— Мистер Стивенс, вы неправы! Я пыталась объяснить Шону, как люблю его и как ошиблась, отвергнув его руку и сердце. Я звонила ему, чтобы сказать это, — он бросал трубку, не дав мне произнести ни слова. Сегодня я пришла к нему прямо на стройку — и лучше бы этого не делала! Он лишь воспользовался случаем, чтобы продемонстрировать мне, какая я дура!

Мрачное лицо Майкла Стивенса на мгновение прояснилось, чтобы тут же снова стать озабоченным.

— Так вот оно в чем дело! Да, кстати, я еще достаточно молод для таких пышных обращений, как «мистер Стивенс» и все такое. Зови меня просто Майклом… Так значит, как я понял, ты тушуешься перед его пресловутым коэффициентом умственного развития? Робеешь перед гением, так сказать… Не знаю… Мне отчего-то кажется, что одной из причин, почему он выбрал именно тебя, является то, что тебя такая ерунда не смущает, тем более, что ты умом и сама явно не обижена. Нет, правду говорят: «Рыбак рыбака видит издалека».

— Какой коэффициент? При чем тут рыбак?.. — пролепетала Сирил.

Майкл, словно не слыша ее, продолжал:

— Ну, разумеется, насчет гения, может быть, и преувеличение… А даже если и так, то особой трагедии в этом я не вижу. Взять для примера меня и Мойру: я перестал робеть перед ее интеллектом только после того, как она у меня на глазах упала в обморок при виде крови.

— Погодите!
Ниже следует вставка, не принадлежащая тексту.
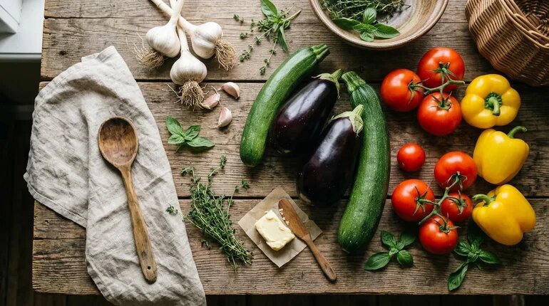 Рататуй классический — это не просто овощное рагу, а настоящий символ щедрого лета и уютных семейных ужинов. Когда на грядках поспевают кабачки, баклажаны и перцы, самое время собрать этот урожайный букет в одном блюде. Мы привыкли считать рататуй французским изобретением, но его ароматная суть удивительно близка русской душе: сытно, наваристо и без лишних заморочек. Представляю вам рецепт, который соединит провансальский шарм и наши дачные традиции — с легким секретным ингредиентом, который сделает вкус незабываемым.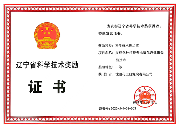 近日,《遼寧省人民政府關(guān)于2022年度遼寧省科學(xué)技術(shù)獎勵的決定》正式公布,沈陽院牽頭申報的“化工風(fēng)險預(yù)警、智能評估與管控技術(shù)及應(yīng)用”項目榮獲科技進(jìn)步二等獎,沈陽院聯(lián)合遼寧省農(nóng)科院申報的“多樣化種植提升土壤生態(tài)健康關(guān)鍵技術(shù)”榮獲科技進(jìn)步一等獎。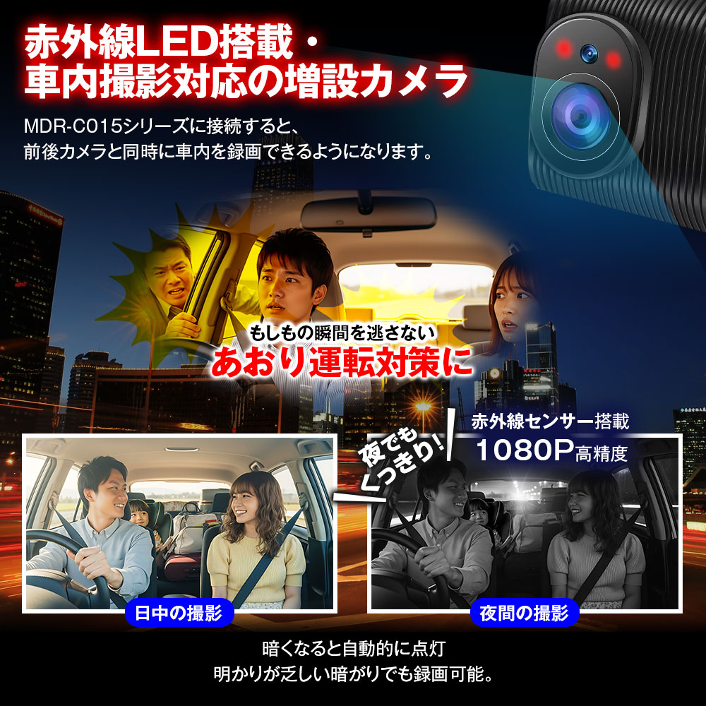赤外線LED搭載・車内撮影対応の増設カメラ

Вы хотите сказать, что у Шона коэффициент гения?!

Они остановились у разветвленного бревна-плавника, наполовину занесенного песком, и Майкл, расстелив большой разноцветный носовой платок и смахнув с него песчинки, жестом предложил Сирил присесть.

— Кажется, пришло время некоторых разъяснений… — изрек он, устраиваясь на бревне рядом с Сирил. — Длинная это будет история, ну да ладно!.. Рискнем!

— Да уж, пожалуйста, — пробормотала Сирил.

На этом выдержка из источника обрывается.